Amel Bent rencontre les femmes apprenantes au Sénégal – Emotions garanties

La nuit commence à tomber mais Amel Bent et les journalistes qui l’accompagnent doivent visiter une dernière classe. Celle d’Alpha Niague, dans la région du Lac Rose, située à environ 30 minutes de Dakar, la capitale du Sénégal.

Cette visite est toute particulière car la chanteuse est déjà venue l’an dernier, dans le cadre du projet PAJEF, un programme d’alphabétisation des jeunes filles et des femmes au Sénégal. Elle avait promis de revenir, et les habitants l’attendaient avec impatience. Soudain les cris, les chants, les larmes de bonheur, les accolades chaleureuses, Amel est arrivée.

Chaque femme, ayant participé au programme d’alphabétisation, tombe dans les bras de la chanteuse, l’émotion est à son comble. Aussitôt arrivée, elle reçoit en cadeau un boubou traditionnel, une coiffe et des bijoux. Les apprenantes sont ravies de montrer à Amel leur pièce de théâtre vantant les bienfaits de l’alphabétisation.

Plusieurs femmes du village témoignent et remercient le programme PAJEF, elles sont maintenant autonomes, lettrées. Le maire du village, tient également à s’exprimer car sa femme fait partie des apprenantes, ce projet d’alphabétisation est plus que nécessaire, il est vital pour l’avenir du pays.

Il fait désormais nuit noire mais personne n’est fatigué, chacun profite de l’instant, personne ne veut se quitter. Amel danse, chante, « Ma philosophie » rythmée au son les tam-tams et les cris des femmes, puis ces dernières entonnent l’Hymne national sénégalais, et c’est, la main sur le cœur, que Amel essaye de les suivre. Ce soir il n’y a pas de public pas de spectateurs, que des acteurs, œuvrant pour une cause commune. Les enfants, les nourrissons, les femmes, tout le monde est au rendez-vous, mais c’est bientôt l’heure de partir. L’espoir de se revoir est immense et partagé par tous.

...mais aussi avec les partenaires institutionnels

La chanteuse et son équipe ont également visité la ville de Rufisque, où, a récemment été implantée une classe virtuelle, classe où les jeunes filles et les femmes apprennent à lire et à écrire grâce à l’utilisation de téléphones portables ou d’internet. Malgré quelques soucis techniques les autorités en présence et Amel Bent ont échangé sur ce concept novateur. La chanteuse, émerveillée par ces idées n’a cessé de sourire. Après cette présentation, Amel improvisa une danse avec des dizaines d’enfants regroupés devant le bâtiment. La joie, les chants, les rires, tout le monde se prête au jeu. La spontanéité de l’instant se lit sur tous les visages et il est très difficile à la chanteuse de remonter dans le bus.
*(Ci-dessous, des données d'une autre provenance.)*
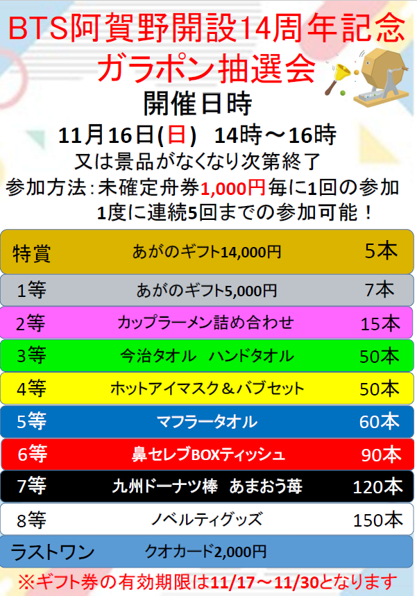| BTS阿賀野開設14周年記念ガラポン抽選会のお知らせ | |

Plus tôt dans la matinée, Amel Bent s’était rendue au Bureau régional de l’UNESCO à Dakar. Car pour la seconde année consécutive, elle a été choisie en tant que Marraine du projet d’alphabétisation au Sénégal (PAJEF) résultant d’un partenariat entre l’UNESCO et Procter&Gamble.

« L’éducation est une arme »

De retour dans les locaux, la chanteuse a découvert les avancées du projet ainsi que les innovations apportées au projet initial. Concernant les nouveautés, La RTS (Radio Télévision Sénégalaise) propose un programme « Jang du wess » (« Il n’est jamais trop tard pour apprendre ») diffusant des capsules pédagogiques en langue nationale. C’est pourquoi, Amel Bent s’est rendue à la RTS pour participer à l’émission très populaire « Jeeg Ak Kereum » (« La femme dans son foyer) animée par Francesca Diafouné afin de rappeler son engagement pour le programme d’alphabétisation mais aussi pour lancer un appel aux femmes sur l’importance de l’alphabétisation, « l’éducation est une arme » a rappelé la chanteuse à l’antenne.

Après le tournage, c’est dans les locaux du Ministère de l'éducation nationale que le Secrétaire Général, Baba Ousseynou Ly, a reçu l’équipe. Lors de cette rencontre, l’accent fut mis sur l’efficacité du partenariat entre l’UNESCO, le Ministère de l’éducation nationale et Procter&Gamble. Les efforts tripartis et les résultats obtenus ont démontrés l’importance de cette campagne d’alphabétisation. Rappelons qu’au Sénégal, plus de la moitié des femmes sont analphabètes.